Avleen KaurSr. Executive Training

Updated on Aug 22, 2024 16:13 IST

It is important to attempt IELTS passages on "tourism" as it improves critical thinking and comprehension. The text explores how manufactured experiences and business interests have shaped modern tourism, with visitors preferring staged attractions to real-life local interactions. Working with these passages helps you improve your overall reading and analytical skills, which are crucial for the IELTS exam.

IELTS Reading Tourism Reading Answers The passage below "Tourism" is inspired from Cambridge Book 10, Test 3. You should spend about 20 minutes on Questions 1-13, which are based on the reading passage below.

Tourism

A - Justifying the study of tourism

Tourism, holidaymaking and travel are these days more significant social phenomena than most commentators have considered. On the face of it there could not be a more trivial subject for a book. And indeed since social scientists have had considerable difficulty explaining weightier topics, such as work or politics, it might be thought that they would have great difficulties in accounting for more trivial phenomena such as holidaymaking. However, there are interesting parallels with the study of deviance. This involves the investigation of bizarre and idiosyncratic social practices which happen to be defined as deviant in some societies but not necessarily in others. The assumption is that the investigation of deviance can reveal interesting and significant aspects of normal societies. It could be said that a similar analysis can be applied to tourism.

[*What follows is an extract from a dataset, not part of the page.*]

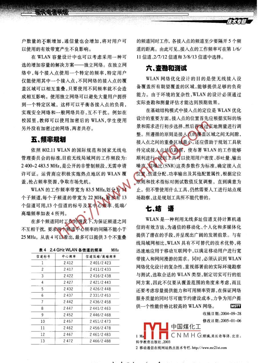 NOD洲IEIETEHAOO聽E0A防EeaturesWLAN網(wǎng)絡(luò)優(yōu)化設(shè)計李軍北京郵電大學(xué)電子工程學(xué)院博士研究生陳虎諾基亞北京有限公司網(wǎng)絡(luò)部業(yè)務(wù)經(jīng)理◎摘"要”與有線局域網(wǎng)相比,WLAN的技術(shù)優(yōu)勢是可以在熱點地區(qū)為用戶提供無線寬帶業(yè)務(wù)。在WLAN網(wǎng)絡(luò)優(yōu)化設(shè)計方面值得探討和研究的問題很多,這里主要針對WLAN的類型選擇、無線組網(wǎng)、覆蓋設(shè)計、容量設(shè)計頻率規(guī)劃、查勘測試等方面進行論述。◎關(guān)鍵調(diào)一無線局域網(wǎng),接入點,網(wǎng)絡(luò)設(shè)計,優(yōu)化設(shè)計,組網(wǎng)方案,頻率規(guī)劃Abstract: Compared with LAN, WLAN owns obvious technical advantages such as providing wireles broadband set-.vice in cental areas. Many isues in WLAN network optimization design are worth studying and researching. This paperdiscuses and amalyses WLAN slection, wireles networking, covernge desin, capacity desig, frequency planning, andnetwork testing in detail.無線局域網(wǎng)(WLAN)是近年來計算機網(wǎng)絡(luò)與無線通信技術(shù)相結(jié)合的產(chǎn)物,它采用無線傳送方式支持計算機之間的通信,為移動或半移動的用戶提供無線寬帶接入服務(wù)。在大多數(shù)運營商的市場運作中,一般將WLAN部署在局部熱點地區(qū),為移動高端用戶提供高速數(shù)據(jù)的無線接入,滿足移動辦公、信息搜索、比網(wǎng)娛樂等需求。與傳統(tǒng)有線局域網(wǎng)相比,WLAN具有安裝便捷、移動性好、使用靈活、傳輸速率高、經(jīng)濟節(jié)約等技術(shù)優(yōu)勢。與此同時,如何優(yōu)化設(shè)計WLAN網(wǎng)絡(luò)為業(yè)界提出了新的課題。本文主要針對WLAN的類型選擇、無線組網(wǎng)、覆蓋區(qū)域設(shè)計、容量設(shè)計、頻率規(guī)劃、查勘測試等方面進行詳細論述。-.合理選擇WLAN類型WLAN無線網(wǎng)絡(luò)包括無線網(wǎng)卡和接人點(AP)兩部分。接入點作為橋接的無線基站,一方面通過無線傳輸媒質(zhì)連接無線網(wǎng)卡,另一方面連接有線局域網(wǎng),無線終端通過接人點與有線局域網(wǎng)相連。WLAN發(fā)送和接收信息可以采用紅外系統(tǒng)或射頻系統(tǒng)?;谏漕l方式的WLAN利用無線電波作為傳輸媒質(zhì),因具有傳輸距離遠、可穿透非金屬物體、適合室內(nèi)外傳播等優(yōu)點而被大量采用?;诩t外方式的WLAN由于受到紅外線特性的限制,只能用于室內(nèi)短距離傳播,且傳輸速率較低,僅能應(yīng)用在傳輸敏感數(shù)據(jù)的特殊場合,實際應(yīng)用很少。射頻方式的WLAN主要通過跳頻擴頻(HSS)和直接序列擴頻(SSS)兩種方式對無線信號進行擴展,兩者之間最重要的區(qū)別在于傳輸帶寬不同:前者的使用帶寬僅為1MHz,最高傳輸速率僅能達到3 Mbiv/s;后者則可在22 MHz的頻率上實現(xiàn)5.5 Mbi/s和11 Mbiv5<(EEE 802.1 Ib標準)的高速數(shù)據(jù)傳輸。在大多數(shù)WLAN的設(shè)計中,最理想的選擇是采用射步中國煤化工廣展方式。二. WLAN組網(wǎng)方案YHCNMHG規(guī)劃WLAN的關(guān)鍵在于無線網(wǎng)絡(luò)結(jié)構(gòu)的優(yōu)化設(shè)計,它直接關(guān)系到WLAN建成使用后的網(wǎng)絡(luò)質(zhì)量37,現(xiàn)長電利技,技術(shù)專題和投資效益。目前,在WLAN無線組網(wǎng)方案中廣泛采用載波監(jiān)聽多路訪問/沖突避免(CSMA/CA)機采用點對點和基礎(chǔ)結(jié)構(gòu)兩種模式。這兩種模式各有制,試圖在發(fā)送信息過程中避免發(fā)生沖突。在點對其應(yīng)用場合和優(yōu)缺點,目的都是在無線信道中為用點模式WLAN設(shè)計中,應(yīng)主要考慮各個無線工作站戶提供與有線局域網(wǎng)相近的數(shù)據(jù)傳輸速率。的位置要恰當(dāng)、距離要合適,盡可能避免隱藏節(jié)點1.點對點模式的問題,以使每個無線工作站都能夠與其他工作站點對點模式又稱對等網(wǎng)絡(luò)或獨立基本服務(wù)集之間進行通信。圖1可以很直觀地說明隱藏節(jié)點問(IBSS)。采用這種模式時,無線工作站之間可自行組題:工作站A.B、C都在接人點的覆蓋范圍之內(nèi),但網(wǎng)、直接通信而不需要經(jīng)過接入點轉(zhuǎn)接。該組網(wǎng)方工作站A不在工作站B、C的通信范圍之內(nèi),因此可式適合在尚未建設(shè)有線網(wǎng)絡(luò)或根本不需要有線網(wǎng)能造成3個工作站無法實現(xiàn)信息的接收和發(fā)送,所絡(luò)的地方實現(xiàn)簡單快捷地組網(wǎng),以滿足暫時需要的.以工作站A必須再靠近-定距離才能相互通信。通信服務(wù)。但無線工作站只能相互通信,不能對大型外部網(wǎng)絡(luò)或Internet進行訪問。工作站A2.基礎(chǔ)結(jié)構(gòu)模式基礎(chǔ)結(jié)構(gòu)模式也稱基本服務(wù)集(BSS),這種網(wǎng)絡(luò)由工作站和接人點組成,各無線工作站之間通過-個或多個接人點來實現(xiàn)通信。僅使用一個接入點的無線網(wǎng)絡(luò)稱為基本服務(wù)集,兩個或多個基本服務(wù)接入點工作站B工作站C集可以連接組成擴展服務(wù)集(ESS)。當(dāng)采用擴展服務(wù)集工作模式即使用多個接人點時,就可以覆蓋某個區(qū)域,類似移動通信系統(tǒng)中的蜂窩小區(qū),組成蜂窩結(jié)構(gòu)時它的覆蓋范圍能夠很好地支持漫游和服圖1隱藏節(jié)點的問題圖務(wù)區(qū)之間的切換。在工程設(shè)計中采用哪種工作模式取決于組網(wǎng)2.基礎(chǔ)結(jié)構(g

B - The essence of modern tourism

Tourism is a leisure activity which presupposes its opposite, namely regulated and organised work. It is one manifestation of how work and leisure are organised as separate and regulated spheres of social practice in modern societies. Indeed acting as a tourist is one of the defining characteristics of being ‘modern’ and the popular concept of tourism is that it is organised within particular places and occurs for regularised periods of time. Tourist relationships arise from a movement of people to, and their stay in, various destinations. This necessarily involves some movement, that is the journey, and a period of stay in a new place or places. ‘The journey and the stay’ are by definition outside the normal places of residence and work and are of a short term and temporary nature and there is a clear intention to return ‘home’ within a relatively short period of time.

C - Tourism contrasted with travel

A substantial proportion of the population of modern societies engages in such tourist practices new socialised forms of provision have developed in order to cope with the mass character of the gazes of tourists as opposed to the individual character of travel. Places are chosen to be visited and be gazed upon because there is an anticipation especially through daydreaming and fantasy of intense pleasures, either on a different scale or involving different senses from those customarily encountered. Such anticipation is constructed and sustained through a variety of non-tourist practices such as films, TV literature, magazines records and videos which construct and reinforce this daydreaming.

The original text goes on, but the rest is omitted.